* **Instructions for the task**: All that is needed is an exact repetition of the lines from the one containing "Fiuggi fonte in" through the final line of the material, without pictures.

------

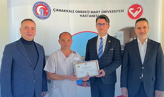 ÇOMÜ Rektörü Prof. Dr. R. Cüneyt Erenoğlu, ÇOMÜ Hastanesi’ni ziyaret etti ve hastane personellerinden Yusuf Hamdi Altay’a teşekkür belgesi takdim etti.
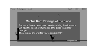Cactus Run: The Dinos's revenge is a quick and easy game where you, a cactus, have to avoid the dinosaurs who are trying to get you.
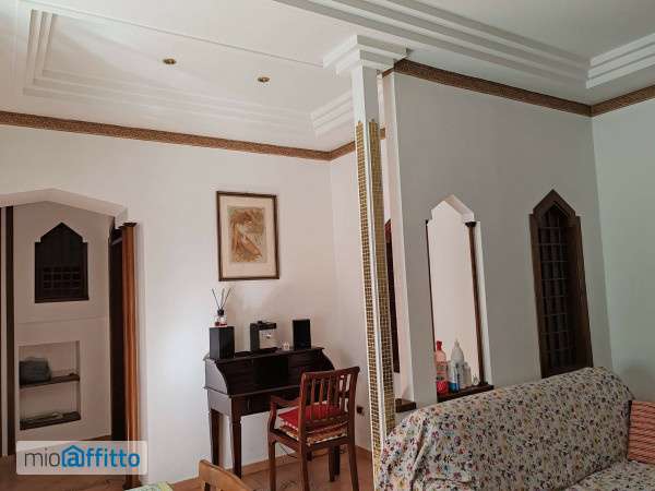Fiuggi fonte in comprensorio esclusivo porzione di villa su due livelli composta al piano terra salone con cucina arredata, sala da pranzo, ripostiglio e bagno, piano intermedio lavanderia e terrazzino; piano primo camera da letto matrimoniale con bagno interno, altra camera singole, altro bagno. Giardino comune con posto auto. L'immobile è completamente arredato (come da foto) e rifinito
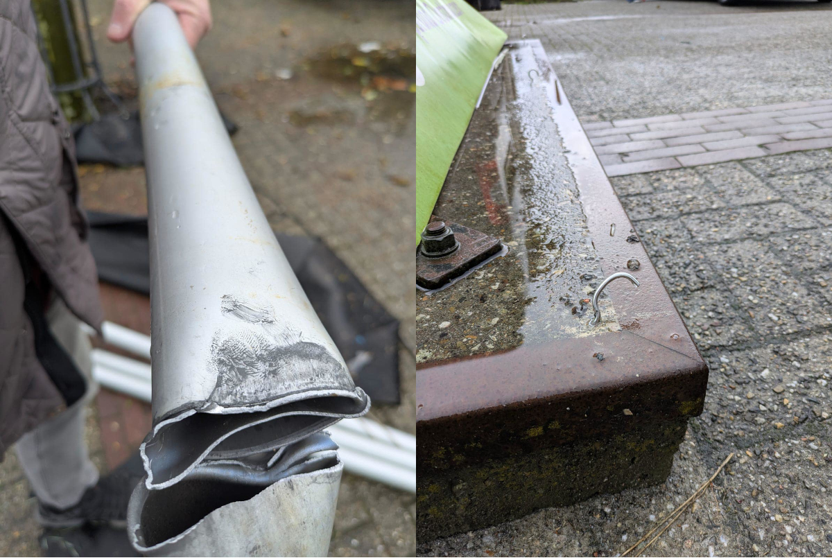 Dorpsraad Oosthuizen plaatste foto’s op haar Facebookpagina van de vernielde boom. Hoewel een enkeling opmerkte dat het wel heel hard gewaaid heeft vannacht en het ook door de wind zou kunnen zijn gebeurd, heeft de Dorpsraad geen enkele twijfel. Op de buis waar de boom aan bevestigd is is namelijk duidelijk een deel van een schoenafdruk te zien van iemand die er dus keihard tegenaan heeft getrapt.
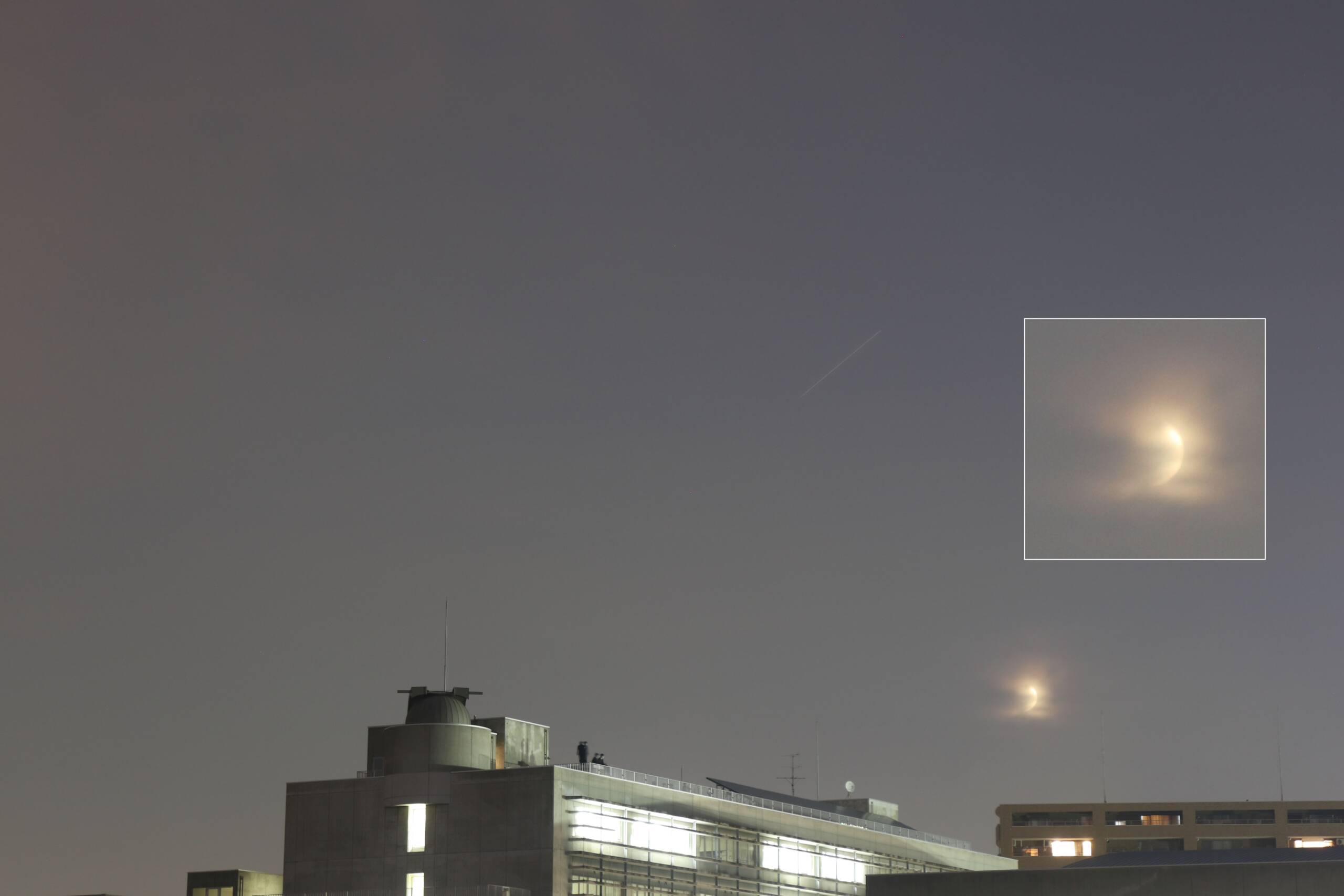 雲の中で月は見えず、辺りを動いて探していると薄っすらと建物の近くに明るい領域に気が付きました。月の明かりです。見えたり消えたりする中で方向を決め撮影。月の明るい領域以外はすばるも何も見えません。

------

* **Response to this task**:
Fiuggi fonte in comprensorio esclusivo porzione di villa su due livelli composta al piano terra salone con cucina arredata, sala da pranzo, ripostiglio e bagno, piano intermedio lavanderia e terrazzino; piano primo camera da letto matrimoniale con bagno interno, altra camera singole, altro bagno. Giardino comune con posto auto. L'immobile è completamente arredato (come da foto) e rifinito
 Dorpsraad Oosthuizen plaatste foto’s op haar Facebookpagina van de vernielde boom. Hoewel een enkeling opmerkte dat het wel heel hard gewaaid heeft vannacht en het ook door de wind zou kunnen zijn gebeurd, heeft de Dorpsraad geen enkele twijfel. Op de buis waar de boom aan bevestigd is is namelijk duidelijk een deel van een schoenafdruk te zien van iemand die er dus keihard tegenaan heeft getrapt.
 雲の中で月は見えず、辺りを動いて探していると薄っすらと建物の近くに明るい領域に気が付きました。月の明かりです。見えたり消えたりする中で方向を決め撮影。月の明るい領域以外はすばるも何も見えません。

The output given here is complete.